The good news is, God is here with us in our grief. Jesus weeps for the pain and confusion we are experiencing, and more, He is willing and able to attend to our hurting places by way of the Holy Spirit.
If you are grieving today, take a moment to write down the unique feelings you are experiencing around your loss.
Look at the list, and try assigning a SUD from 0-10 to each feeling, depending on how strongly you are enduring that feeling. If you are new to tapping prayer, check out my basic recipe here before proceeding.
Choose one feeling that is bothering you. You may want to choose something with a low number to begin with or, you may want to dive into the deep end of the pool and get right to the tough stuff. God will be there to attend to your concerns in any order you choose to focus the Holy’s healing love. Do what feels safest to you.
Once you have chosen a feeling around your grief, please take responsibility for your participation in tapping prayer, and let’s pray!

Karate chop: My heart is heavy with grief, God. My soul is overwhelmed with feelings that are associated with...............’s death. I am overwhelmed with feelings about..................’s death. I’m going to try and focus on one feeling now, and when I am at peace with it, I may come to you again with another feeling about …............’s death. I may not. I’ve got a lot happening in me right now. I don’t know which way to turn, but I find myself turning to this tapping prayer today, and so I ask that you would bring me some healing through it. Even though I am feeling..............around my loss, I am deeply loved and completely accepted by God. Even though I feel............around..............death, I am completely loved and deeply accepted by God. Even though I have this...........response to ….............death, I am held in God’s constant love and acceptance.
Top of head: I have this...........feeling.
Eyebrow: I am so.............about............death.
Outer eye: I feel............
Under eye: I have this overwhelming sense of..............
Under nose: I can’t shake this feeling of..................
Under lip: This deep …..........
Collarbone: I feel..............
Underarms: I am...............
Wrists: This …......feeling is keeping me from peace.

Top of head: Even though I feel.........I am deeply loved and completely accepted by God.
Eyebrow: I wonder if I’ll always feel this..... grief?
Outer eye: I think I can feel this........in my body.
Under eye: This overwhelming...........is getting in the way of feeling peace.
Under nose: I might have unfinished business with........that is contributing to this feeling of .............
Under lip: Even if I have unfinished business with..... that is contributing to this feeling of ...........I am deeply loved and completely accepted by God.
Collarbone: I am experiencing a SUD of …..around this aspect of my grief.
Wrists: I have so much grief effecting my life.

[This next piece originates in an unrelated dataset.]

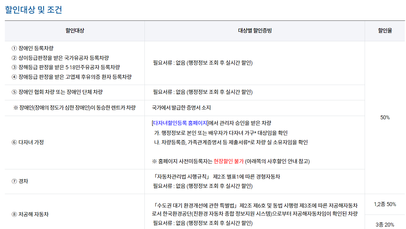 김포공항 주차요금은 할인율이 50%이 적용됩니다. 다만, 이 할인율은 장애인, 상이등급판정을 받은 국가유공자, 장애등급 판정을 받은 5·18민주유공자, 장애등급 판정을 받은 고엽제 후유의증 환자, 다자녀 가정, 경차, 저공해 자동차의 경우에 한해 적용이 가능합니다. 이 중 여러 항목에 해당된다 해도 가장 유리한 1가지에 대해 할인이 되며 중복 할인되지 않습니다. 추가적으로, 저공해 자동차 3종은 20% 할인되는 점 참고바랍니다.

Top of head: Even though I have all this...........grief, I am deeply loved and held in God’s tender care.
Eyebrow: ..(name of person who died)..is deeply loved and held in God’s tender care.
Outer eye: Maybe I can forgive myself for feeling.......about..........’s death.
Under eye: Maybe I can forgive anyone who may have contributed to...........’s death.
Under nose: Even if I can forgive myself and everyone else who may have contributed to.......death, and even if I can forgive.........for dying, I am deeply loved and completely accepted by God.
Under lip: Maybe I don’t have to hold onto this...........grief forever.
Collarbone: I have this...............grief in my soul.
Wrists: I am feeling..........about …......death.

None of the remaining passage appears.